#### Problem:
Pictures do not belong in the output. Reproduce exactly the lines from the start of the records through the line with "1girl artist_name book".

Items from a data source
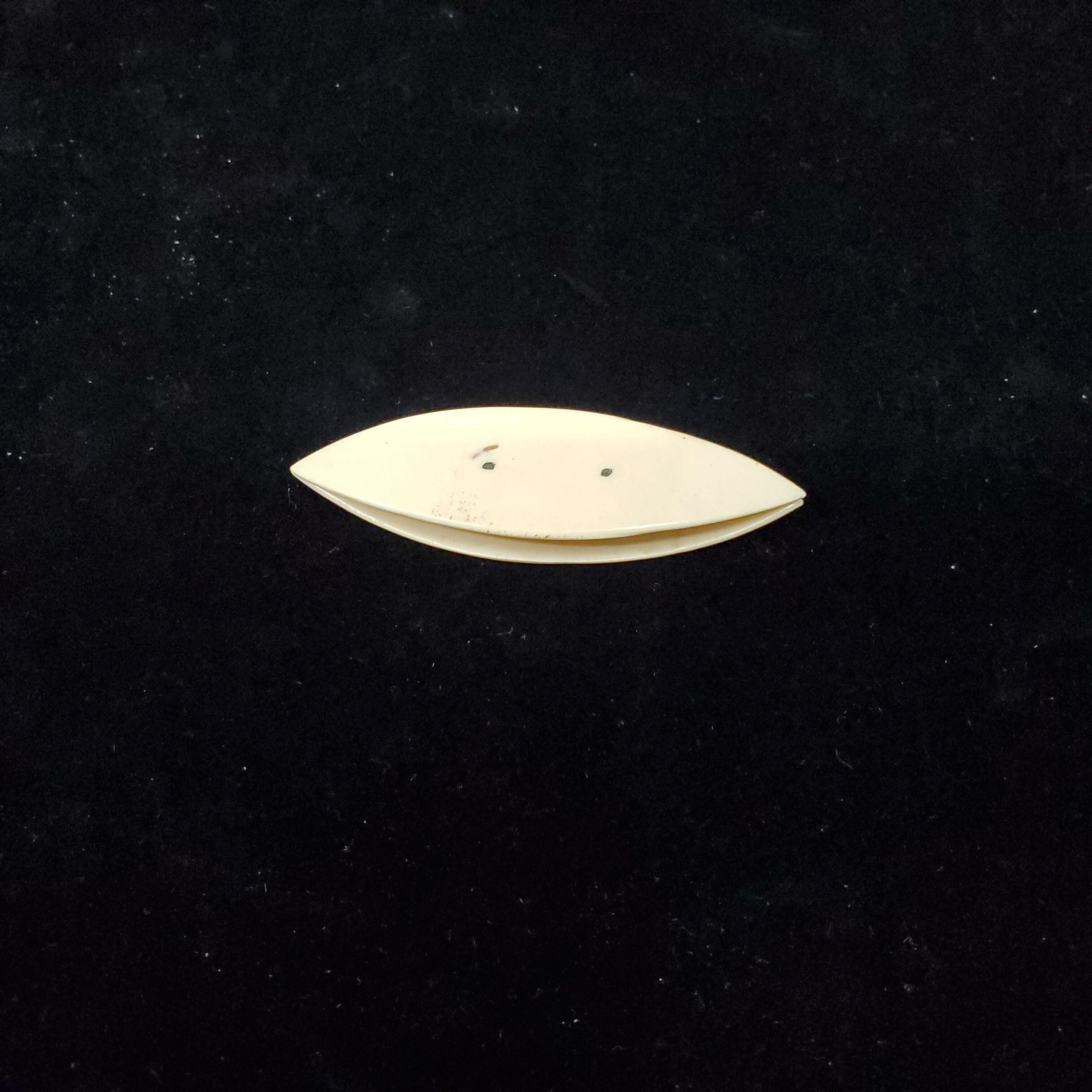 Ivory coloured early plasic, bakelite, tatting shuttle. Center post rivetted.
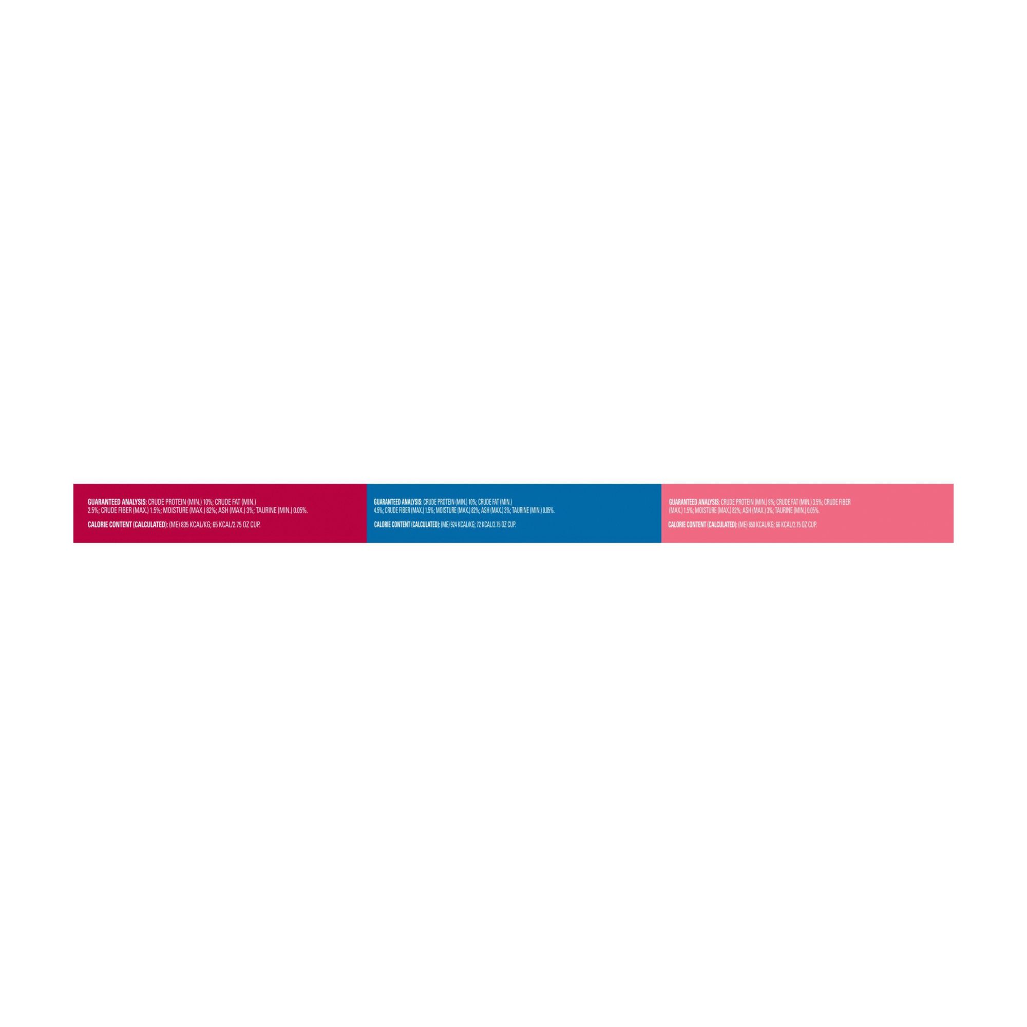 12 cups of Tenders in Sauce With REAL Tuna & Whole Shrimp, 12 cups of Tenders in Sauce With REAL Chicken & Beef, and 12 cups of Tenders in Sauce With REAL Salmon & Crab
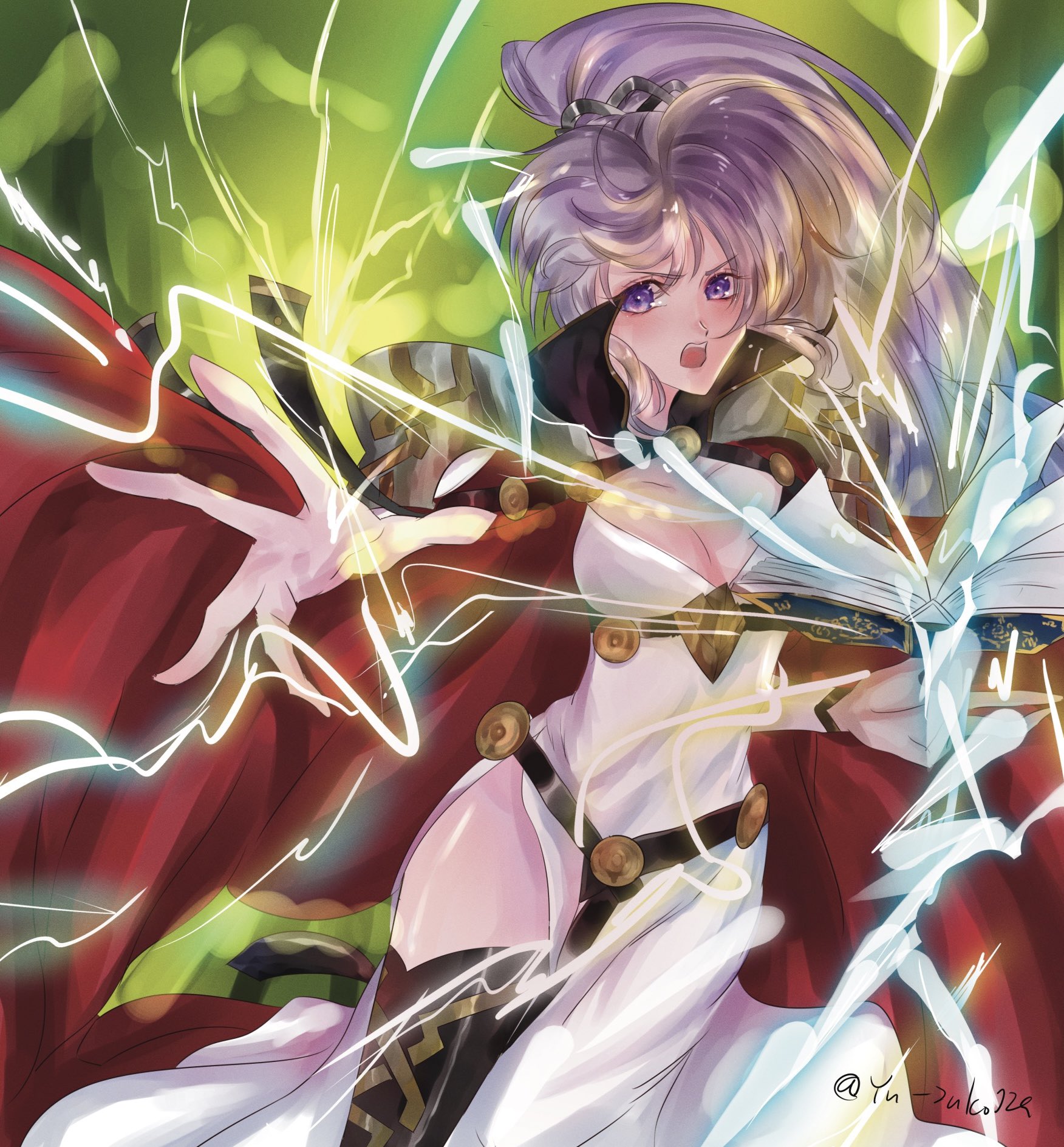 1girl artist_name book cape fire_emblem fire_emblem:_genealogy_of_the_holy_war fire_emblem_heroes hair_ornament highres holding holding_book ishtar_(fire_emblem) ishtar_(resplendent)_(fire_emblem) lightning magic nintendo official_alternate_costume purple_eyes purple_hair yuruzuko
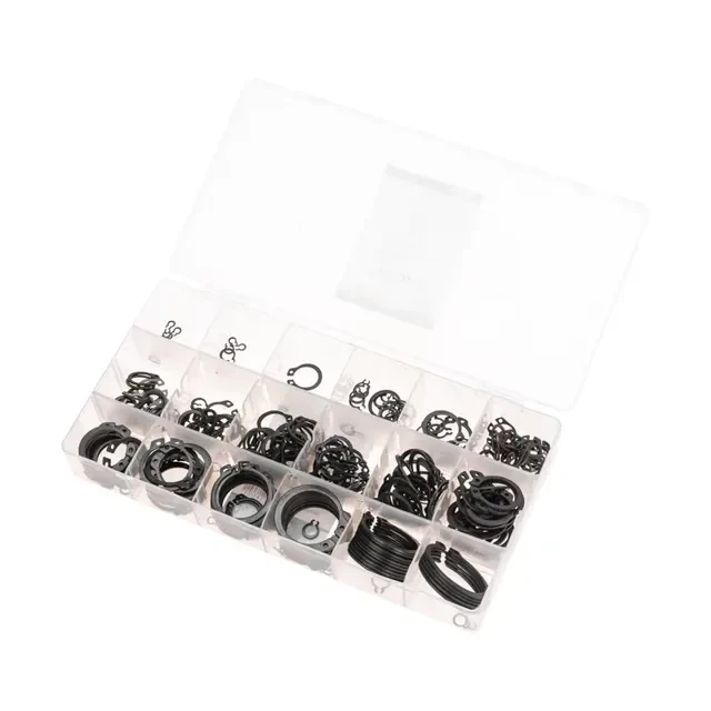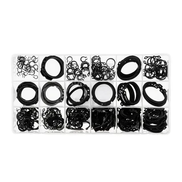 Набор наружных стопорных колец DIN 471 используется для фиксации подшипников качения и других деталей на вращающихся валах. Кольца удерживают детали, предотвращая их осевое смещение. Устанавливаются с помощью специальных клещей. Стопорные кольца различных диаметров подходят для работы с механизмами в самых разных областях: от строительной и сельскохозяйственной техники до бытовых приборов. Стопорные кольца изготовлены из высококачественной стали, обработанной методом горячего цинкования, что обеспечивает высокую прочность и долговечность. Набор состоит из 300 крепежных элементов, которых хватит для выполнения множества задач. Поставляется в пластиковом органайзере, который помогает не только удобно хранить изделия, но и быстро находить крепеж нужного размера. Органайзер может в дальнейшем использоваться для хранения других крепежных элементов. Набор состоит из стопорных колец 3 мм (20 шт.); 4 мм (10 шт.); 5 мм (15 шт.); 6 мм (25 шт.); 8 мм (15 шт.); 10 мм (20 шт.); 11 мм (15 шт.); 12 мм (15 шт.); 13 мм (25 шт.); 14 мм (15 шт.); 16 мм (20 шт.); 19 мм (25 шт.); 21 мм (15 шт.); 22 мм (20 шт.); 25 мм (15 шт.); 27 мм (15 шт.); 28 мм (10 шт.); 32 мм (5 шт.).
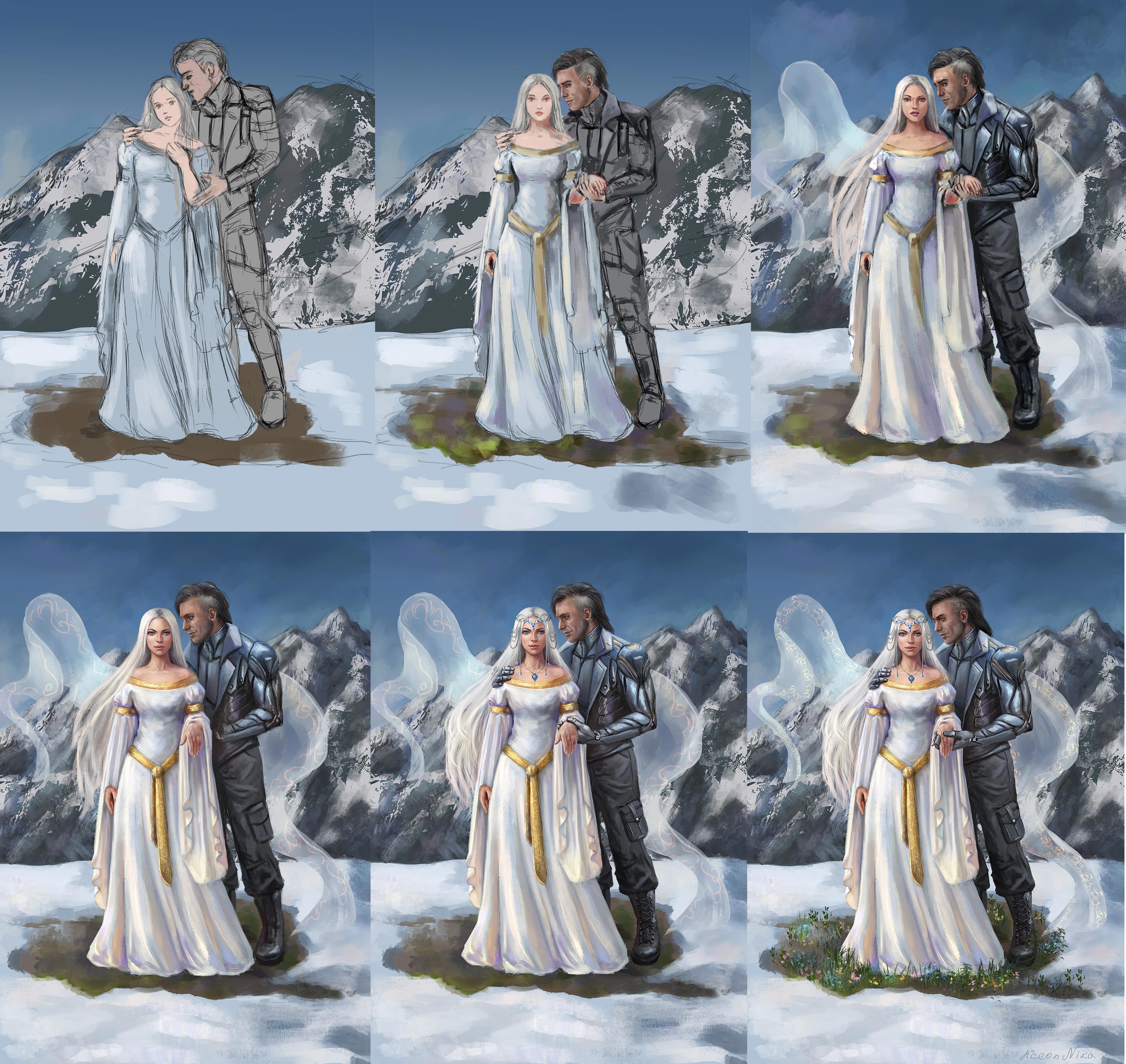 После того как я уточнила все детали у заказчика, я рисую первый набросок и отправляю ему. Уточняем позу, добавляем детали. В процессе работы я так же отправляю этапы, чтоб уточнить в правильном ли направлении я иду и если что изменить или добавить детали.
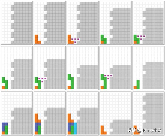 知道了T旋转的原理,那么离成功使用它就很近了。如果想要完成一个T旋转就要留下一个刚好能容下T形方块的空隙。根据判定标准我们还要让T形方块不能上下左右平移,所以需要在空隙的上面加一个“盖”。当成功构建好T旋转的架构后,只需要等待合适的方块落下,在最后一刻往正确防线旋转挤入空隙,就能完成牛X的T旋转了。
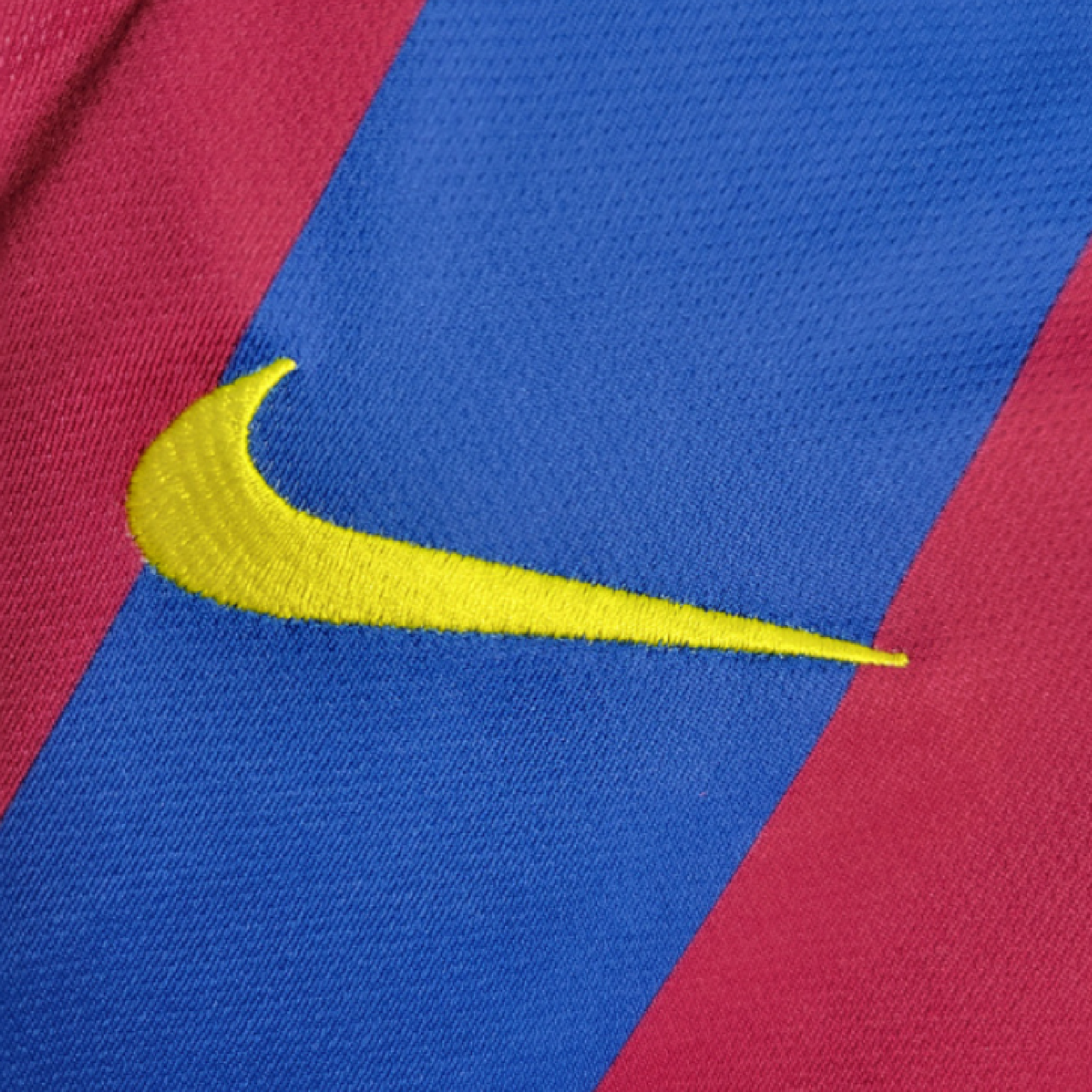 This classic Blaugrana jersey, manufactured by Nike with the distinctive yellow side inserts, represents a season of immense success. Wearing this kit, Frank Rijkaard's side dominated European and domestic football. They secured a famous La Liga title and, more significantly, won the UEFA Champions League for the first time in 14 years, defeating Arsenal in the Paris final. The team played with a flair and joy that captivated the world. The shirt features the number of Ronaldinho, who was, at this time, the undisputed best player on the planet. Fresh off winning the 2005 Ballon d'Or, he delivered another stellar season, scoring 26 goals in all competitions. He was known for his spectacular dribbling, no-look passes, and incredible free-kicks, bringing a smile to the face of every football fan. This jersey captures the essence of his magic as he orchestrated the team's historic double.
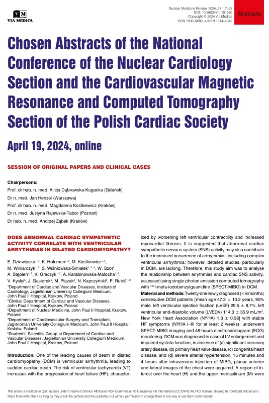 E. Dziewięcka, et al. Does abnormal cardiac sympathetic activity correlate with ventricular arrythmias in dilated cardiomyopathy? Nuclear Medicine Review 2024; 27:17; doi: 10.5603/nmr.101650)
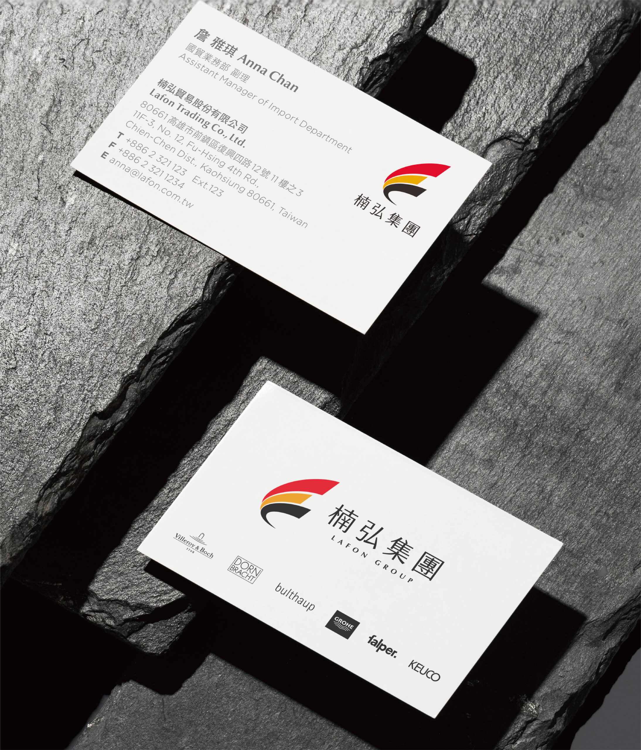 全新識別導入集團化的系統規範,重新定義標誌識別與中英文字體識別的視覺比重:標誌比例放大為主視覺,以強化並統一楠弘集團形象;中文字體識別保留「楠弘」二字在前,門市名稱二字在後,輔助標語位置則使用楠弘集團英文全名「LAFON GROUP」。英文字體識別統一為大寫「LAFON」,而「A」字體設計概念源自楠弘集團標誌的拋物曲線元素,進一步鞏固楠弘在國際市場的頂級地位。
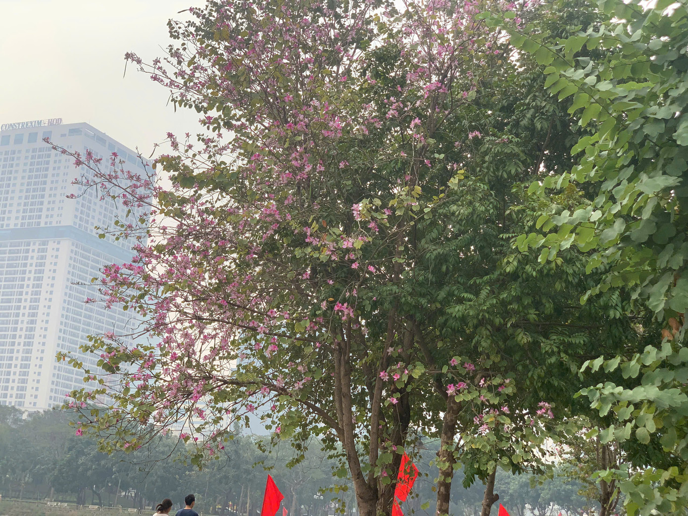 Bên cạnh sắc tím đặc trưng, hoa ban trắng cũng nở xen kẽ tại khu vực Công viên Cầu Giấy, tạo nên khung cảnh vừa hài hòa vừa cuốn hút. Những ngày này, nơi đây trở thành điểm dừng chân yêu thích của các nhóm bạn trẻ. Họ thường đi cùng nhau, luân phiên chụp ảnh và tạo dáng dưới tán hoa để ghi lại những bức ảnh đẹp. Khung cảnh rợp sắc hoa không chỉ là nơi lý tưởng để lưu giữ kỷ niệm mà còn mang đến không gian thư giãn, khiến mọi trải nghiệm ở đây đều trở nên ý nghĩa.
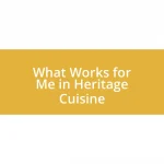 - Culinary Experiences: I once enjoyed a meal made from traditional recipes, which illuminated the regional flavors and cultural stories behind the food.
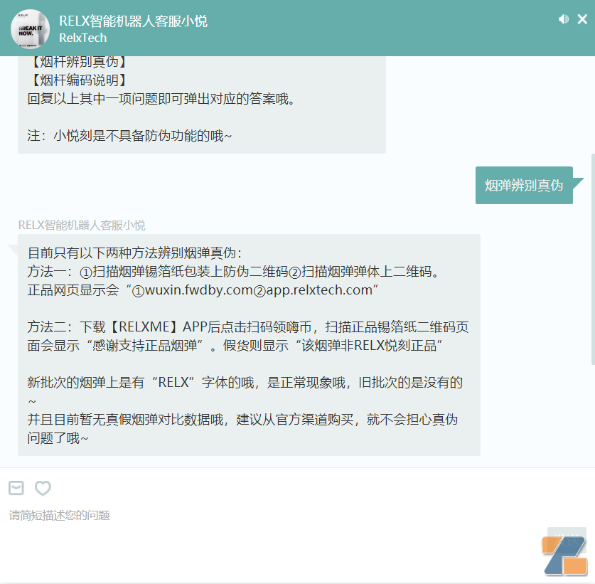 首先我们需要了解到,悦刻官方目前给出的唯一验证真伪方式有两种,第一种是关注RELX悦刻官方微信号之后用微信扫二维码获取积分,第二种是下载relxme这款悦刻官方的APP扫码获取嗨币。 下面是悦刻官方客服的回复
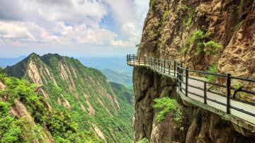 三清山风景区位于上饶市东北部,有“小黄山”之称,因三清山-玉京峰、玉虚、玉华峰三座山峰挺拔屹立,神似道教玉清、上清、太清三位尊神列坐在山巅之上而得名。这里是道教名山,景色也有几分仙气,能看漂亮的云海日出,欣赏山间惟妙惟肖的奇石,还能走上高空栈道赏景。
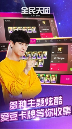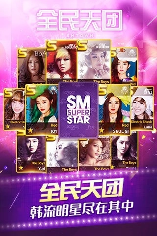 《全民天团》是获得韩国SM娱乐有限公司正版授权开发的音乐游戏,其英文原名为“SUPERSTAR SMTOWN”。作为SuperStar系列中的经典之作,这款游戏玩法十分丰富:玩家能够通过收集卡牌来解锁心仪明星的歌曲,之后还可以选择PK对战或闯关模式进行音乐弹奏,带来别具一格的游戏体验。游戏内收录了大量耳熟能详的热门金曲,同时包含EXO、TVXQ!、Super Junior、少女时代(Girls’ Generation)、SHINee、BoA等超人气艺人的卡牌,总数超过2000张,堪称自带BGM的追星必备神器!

#### Your response:
 Ivory coloured early plasic, bakelite, tatting shuttle. Center post rivetted.
 12 cups of Tenders in Sauce With REAL Tuna & Whole Shrimp, 12 cups of Tenders in Sauce With REAL Chicken & Beef, and 12 cups of Tenders in Sauce With REAL Salmon & Crab
 1girl artist_name book cape fire_emblem fire_emblem:_genealogy_of_the_holy_war fire_emblem_heroes hair_ornament highres holding holding_book ishtar_(fire_emblem) ishtar_(resplendent)_(fire_emblem) lightning magic nintendo official_alternate_costume purple_eyes purple_hair yuruzuko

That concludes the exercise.